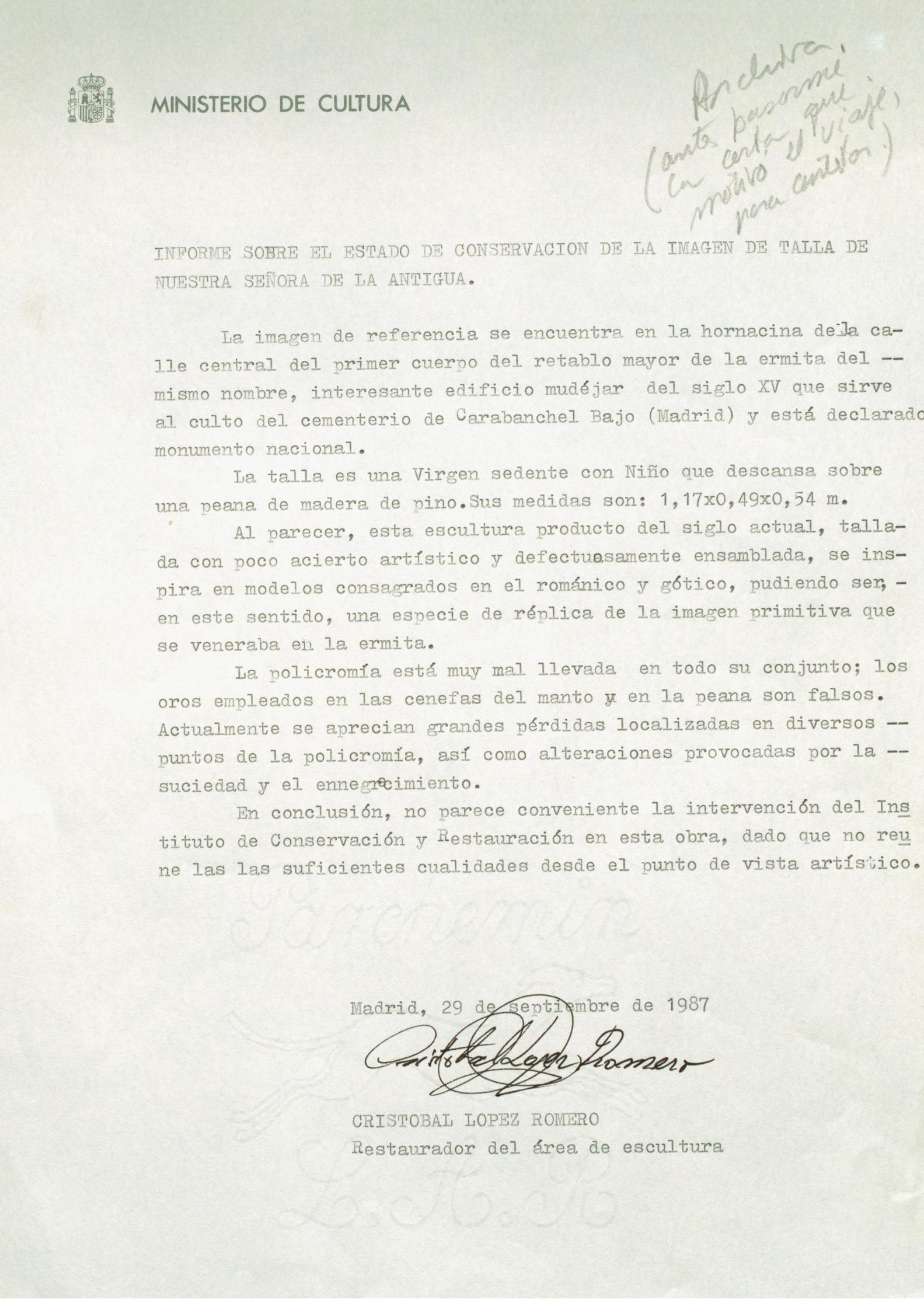 Informe de conservación de una talla en madera de Nuestra Señora de la Antigua", de la Ermita de Santa María la Antigua en Carabanchel (Madrid), procedente de la Congregación de Nuestra Señora del Carmelo y Cristo Yacente
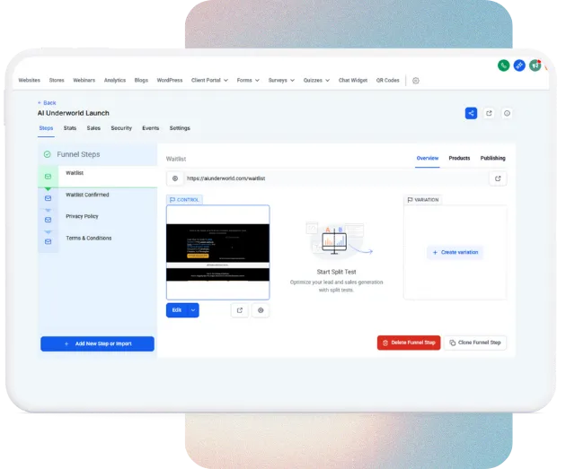 Create stunning websites and high-converting funnels in minutes using drag-and-drop tools and proven templates. Whether you’re selling courses, coaching, or services, you’ll launch pages that attract, convert, and grow your business
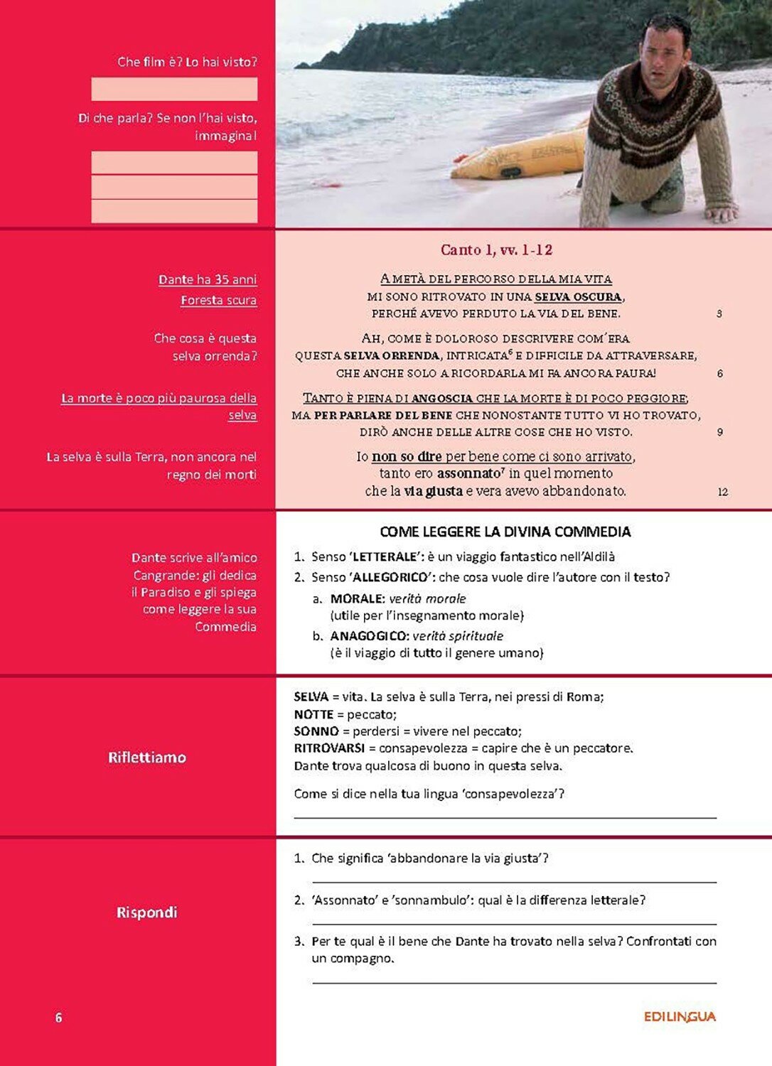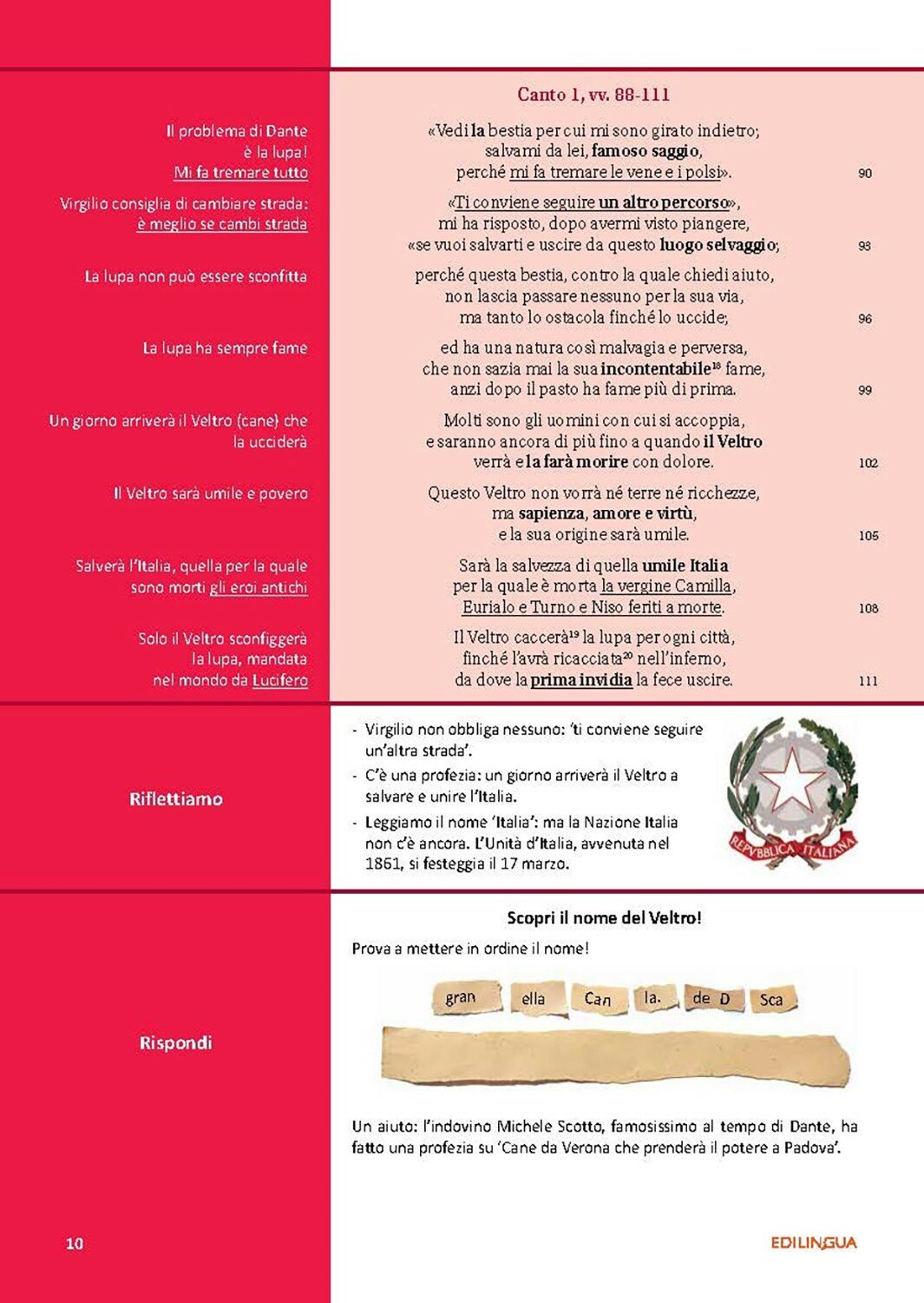 il percorso rosso presenta il riassunto e il testo in versione semplificata corredato da commenti utili alla comprensione. E ideato per gli studenti di livello intermedio, ma utilissimo come prima lettura anche per gli studenti di livello avanzato;
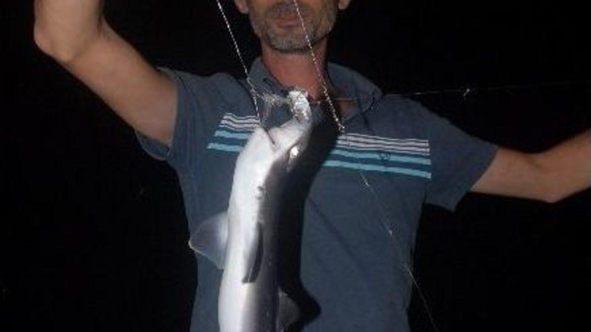 Zonguldak’ta lüfer için denize olta atan amatör balıkçıların oltasına üç saatte 12 yavru köpek balığı takıldı.Zonguldak’ta üç amatör balıkçı, akşam saatlerinde lüfer yakalamak için Uzunkum Plajı’na geldi. Lüfer için denize olta atan balıkçılar, gelen balıkların camgöz yavru köpek balığı olduğunu görünce şaşkınlık yaşadılar. Yaklaşık üç saat boyunca denize olta atan balıkçılar, art arda 12 yavru köpek balığı yakaladılar. Serdar Eyüpoğlu, “Yaklaşık iki saattir buradayız. Her oltamızı attığımızda gelen tek balık köpek balığı oldu. Bu tarihte bir ilk oldu. Yaşım 37, yaklaşık 20 senedir balıkçıyım, böyle bir şeyi ilk kez görüyorum. Oltayı atıyoruz, çekiyoruz köpek balığı çıkıyor. Bir tane de küçük bir mezgit balığı aldık. Bu kadar çok köpek balığının bu sularda olması biraz tuhaf. Biz lüfer için attık, iki akşam önce lüfer almıştım. Bu akşam şansımıza bunlar geldi. Yemek isteyen varsa verebiliriz” dedi.Balıkçılardan Selahattin Güzel ise, “Benim ilk defa başıma böyle bir şey geliyor. İlk defa oltayla köpek balığı yakalıyorum” diye konuştu.Amatör balıkçı Engin Yazıcı da yavru köpek balığını kolunun üzerine koyarak uzunluğunu ölçtü. Balıkların uzunluğunun 50 ila 80 santimetre olduğu gözlendi.
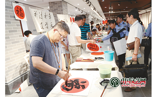 一人端坐面帶微笑,一人揮筆精心描摹。畫像中人物神態、動作清晰,畫面層次分明,色彩和諧,作品傳神又不失生動活潑,因而受到干警們的歡迎。這是漫畫家志愿者笑臉兔、如果果等為干警們畫像的場景,他們中大多數人還是第一次為政法干警畫像。來自廣州市書協的秦建中、呂志強等8位書法家志愿者現場潑墨揮毫,向政法干警贈送書法作品,干警們圍在桌旁饒有興致地欣賞,愉悅的笑容掛在臉上。
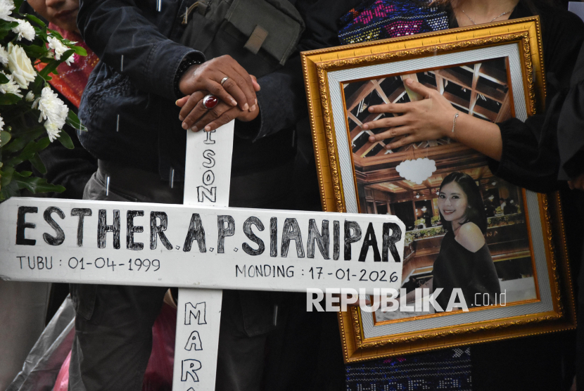 Keluarga membawa foto korban pesawat ATR 42-500 Esther Aprilita P. Sianipar saat prosesi pemakaman di TPU Gunung Gadung, Kelurahan Genteng, Kota Bogor, Jawa Barat, Sabtu (24/1/2026). Esther merupakan salah satu pramugari yang menjadi korban kecelakaan pesawat ATR 42-500 di kawasan Gunung Bulusaraung, Kabupaten Pangkep, Sulawesi Selatan. (FOTO : ANTARA FOTO/Arif Firmansyah)
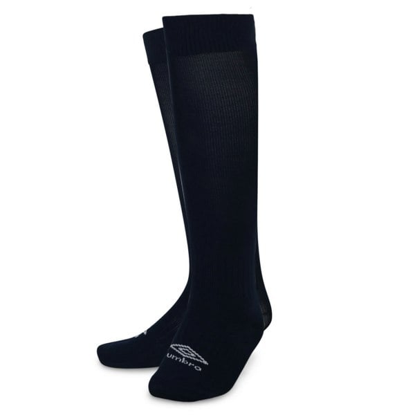 Umbro Primo football socks for children and kids in dark navy and white. Made from a nylon and elastane blend, they have an elasticated construction and a ribbed ankle. A logo detail completes the design.
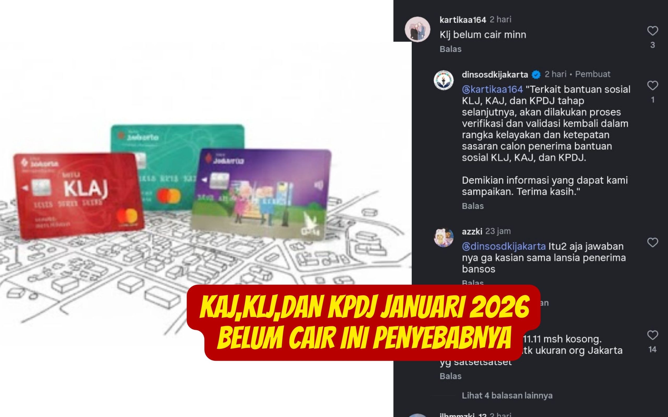 Dilansir dari komentar postingan Instagram dinsosjakarta, terkait bantuan sosial KAJ,KLJ,dan KPDJ Januari 2026 belum cair disebabkan adanya proses verifikasi dan validasi ulang. Langkah ini diambil untuk memastikan kelayakan serta ketepatan sasaran bagi para calon penerima bantuan tersebut.
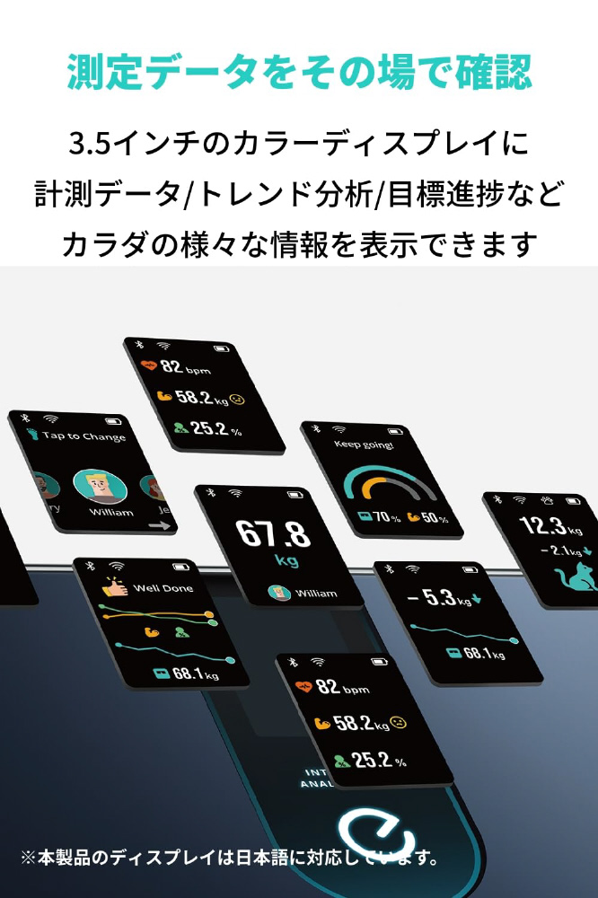 測定データを確認できるカラーディスプレイを搭載した体重体組成計

=-=-=

Try it: Nothing but the lines from the first line of the listing above to the line containing "Create stunning websites" should appear in the answer, each one exact and with no pictures.

Answer area:
 Informe de conservación de una talla en madera de Nuestra Señora de la Antigua", de la Ermita de Santa María la Antigua en Carabanchel (Madrid), procedente de la Congregación de Nuestra Señora del Carmelo y Cristo Yacente
 Create stunning websites and high-converting funnels in minutes using drag-and-drop tools and proven templates. Whether you’re selling courses, coaching, or services, you’ll launch pages that attract, convert, and grow your business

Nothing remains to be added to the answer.